In Europe, urban governance has increasingly started following a stakeholder model in which governments (local, national, European) work together with citizens and industry. While many European cities initially followed the American model, European governments have dealt with the backlash against tech companies in a different way. The GDPR, which goes into effect today, is a prime example of Europe protecting citizens against the power of tech companies. Data collected in urban environments is increasingly considered as a public resource. As such, European cities are now frequently adopting open data models: data that is collected in the city is made available on a publicly accessible platform (e.g. Amsterdam, Barcelona, Paris).
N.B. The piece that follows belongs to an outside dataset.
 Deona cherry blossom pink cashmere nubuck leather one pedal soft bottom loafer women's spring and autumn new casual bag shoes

However, the problem of open data is that

certain data which might lead to useful applications may not be collected since opening such datasets to the public raises privacy concerns (e.g. car locations, camera’s).
In China, smart city projects have been more ambitious because of the top-down structure of the central government (e.g. carbon trading, social credit systems). Another notable difference between Chinese cities and Western cities is that Chinese local governments perform far more administrative functions. Therefore, the push from the local government to use new technology to tackle persistent problems (e.g. traffic jams, environmental pollution) is higher in China, whereas Western municipalities focus more on improving basic government services (and ‘smart city’ remains a buzzword). However, China is struggling with integrating different platforms into a comprehensive database as it tries to aggregate all available data from its cities into a common platform.
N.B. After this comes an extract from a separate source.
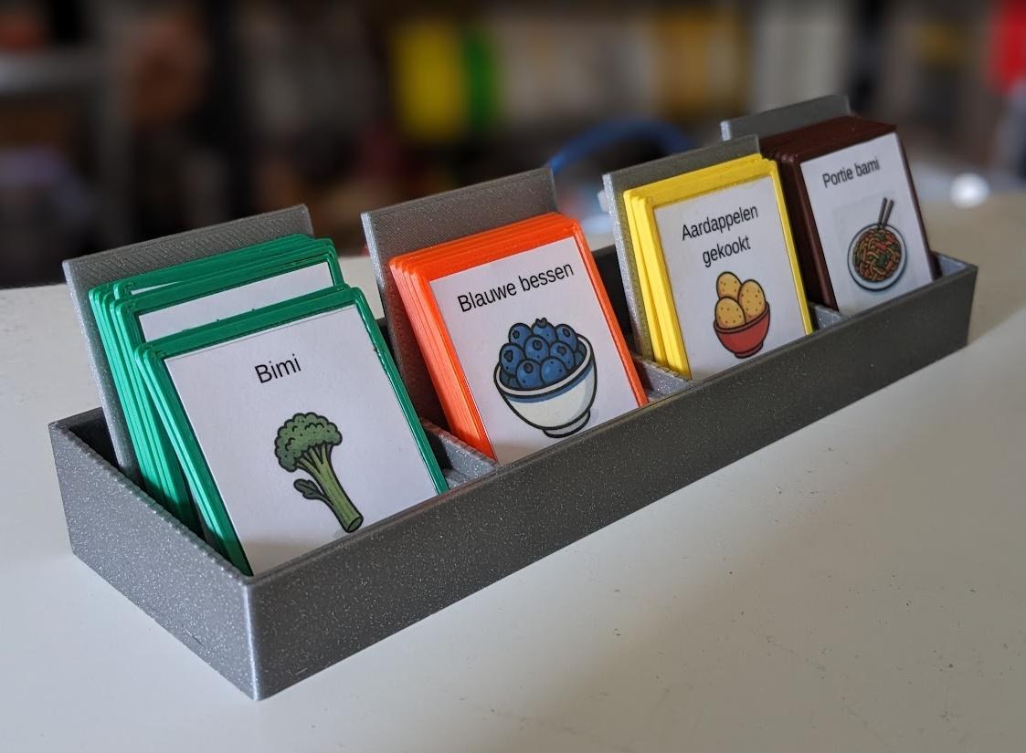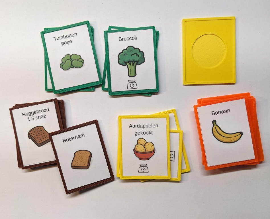 De RFID-tags zijn ge-3d-printte kaartjes waar een RFID-sticker in is verwerkt. Om snel de juiste tag te vinden zijn ze geprint in diverse kleuren, per categorie voedsel een kleur:

Around the world, different mindsets of governments mean that cities encounter different obstacles towards finding successful applications for persistent urban problems. Vendor lock-in of the American model means that local governments are increasingly hesitant to cooperate with tech companies. Privacy concerns and open data structures means that the range of potential applications in the European model is limited. The top-down model of China means that the lack of a comprehensive database prevents the development of potential applications. These differences imply that every region has to work around its own barriers to development and thus awaits a different enabling factor to boost ‘smart city’ projects.

Implications

  • As closed architectures restrict the ability of cities to access the data that is trapped inside of the infrastructure they have purchased, governments are increasingly wary of such partnerships. Therefore, the near-term future looks bleak for tech companies and their smart city projects in the U.S. Google’s Toronto project is a case in point. However, if an acceptable (legal) framework for data ownership emerges (which could be more lenient than European norms), smart city projects could gain a significant boost across the U.S.
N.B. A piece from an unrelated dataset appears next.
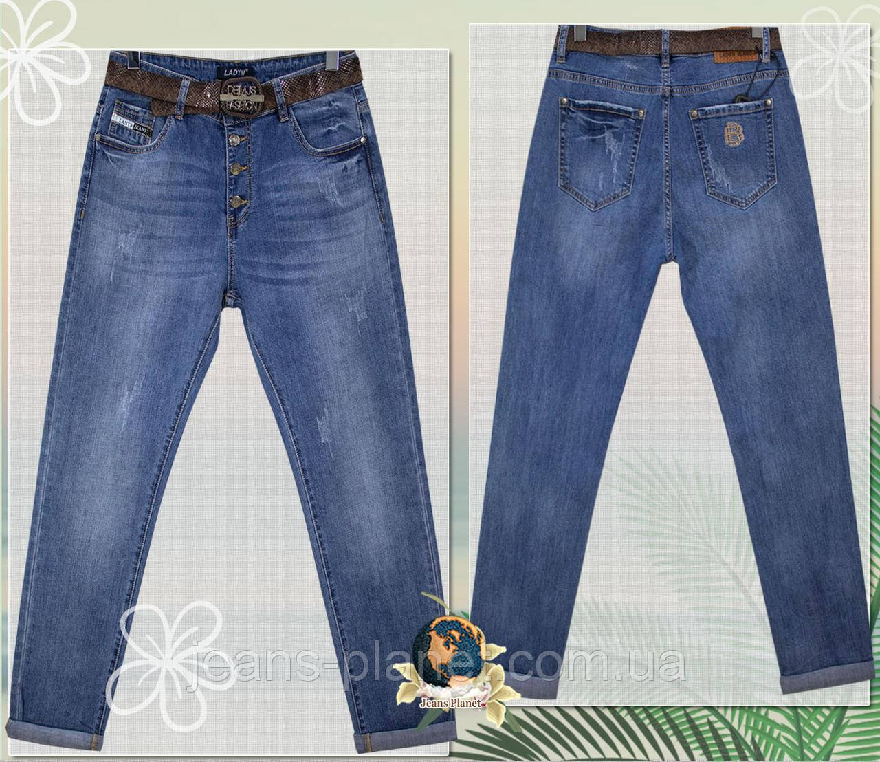 Модні жіночі джинси бойфренди баталов на гудзиках з ременем

  • If China manages to successfully connect its cities’ datasets in a common platform, more radical applications could emerge (e.g. mobility, security, pollution).
  • The European model could focus on creating a decentralized architecture in which cities share data and invite developers to build applications on top of this architecture.
  • It is likely that countries will adopt national data strategies for its cities (including legal frameworks for data ownership), similar to China’s Five Year Plan, in order to harness the benefits from outfitting cities with intelligent sensors.